── Material provided ──

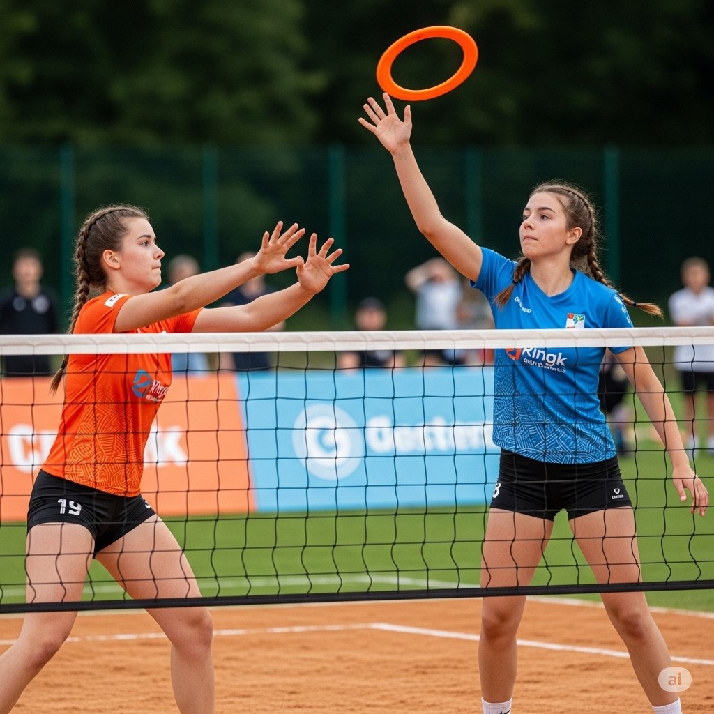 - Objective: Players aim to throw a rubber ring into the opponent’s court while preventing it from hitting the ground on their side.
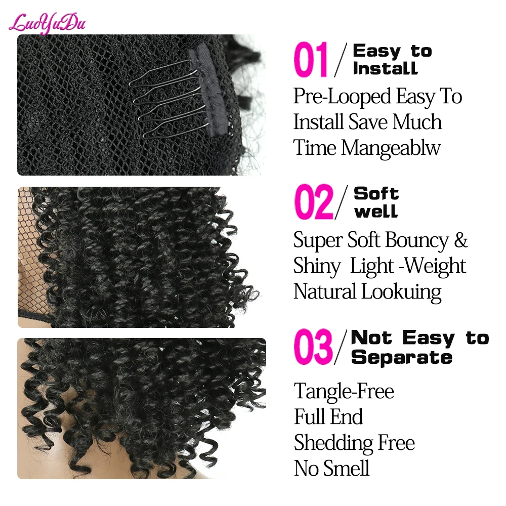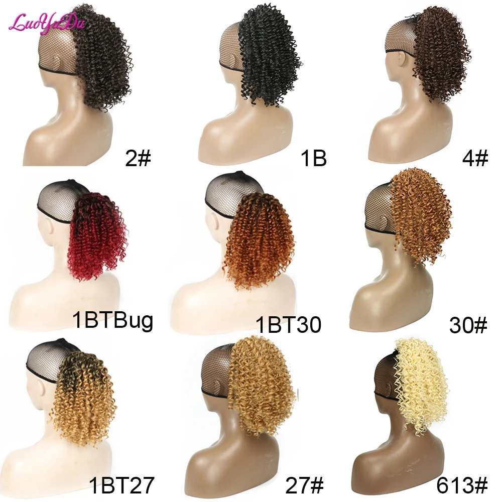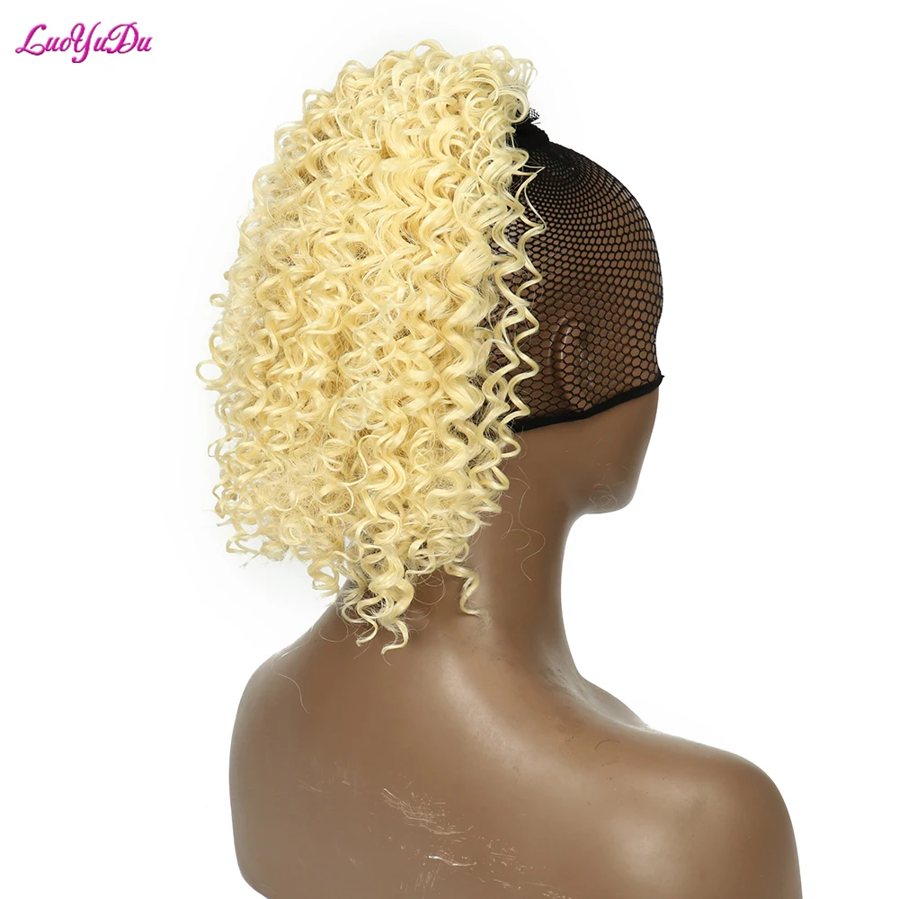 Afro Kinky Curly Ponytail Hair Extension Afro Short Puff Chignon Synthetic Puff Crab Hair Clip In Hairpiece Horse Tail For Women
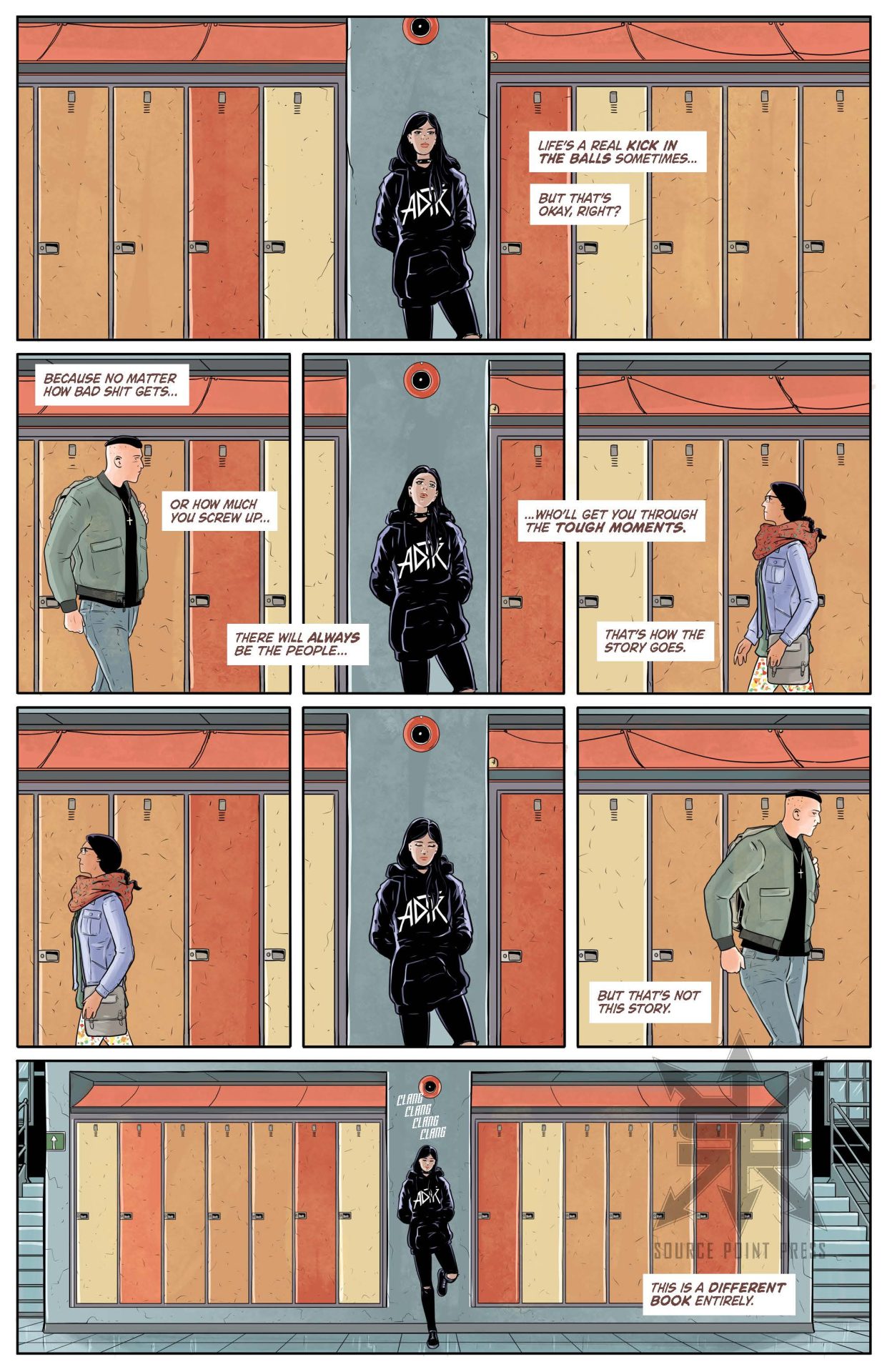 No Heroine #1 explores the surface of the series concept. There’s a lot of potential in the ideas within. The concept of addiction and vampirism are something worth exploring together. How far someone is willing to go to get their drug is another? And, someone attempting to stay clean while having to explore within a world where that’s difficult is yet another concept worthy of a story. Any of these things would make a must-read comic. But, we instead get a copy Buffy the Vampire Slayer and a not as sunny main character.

───

> [To do]
Leave out any pictures and return exactly the lines from the beginning of the data through the line with "Afro Kinky Curly", inclusive.

> [Expected output]
 - Objective: Players aim to throw a rubber ring into the opponent’s court while preventing it from hitting the ground on their side.
 Afro Kinky Curly Ponytail Hair Extension Afro Short Puff Chignon Synthetic Puff Crab Hair Clip In Hairpiece Horse Tail For Women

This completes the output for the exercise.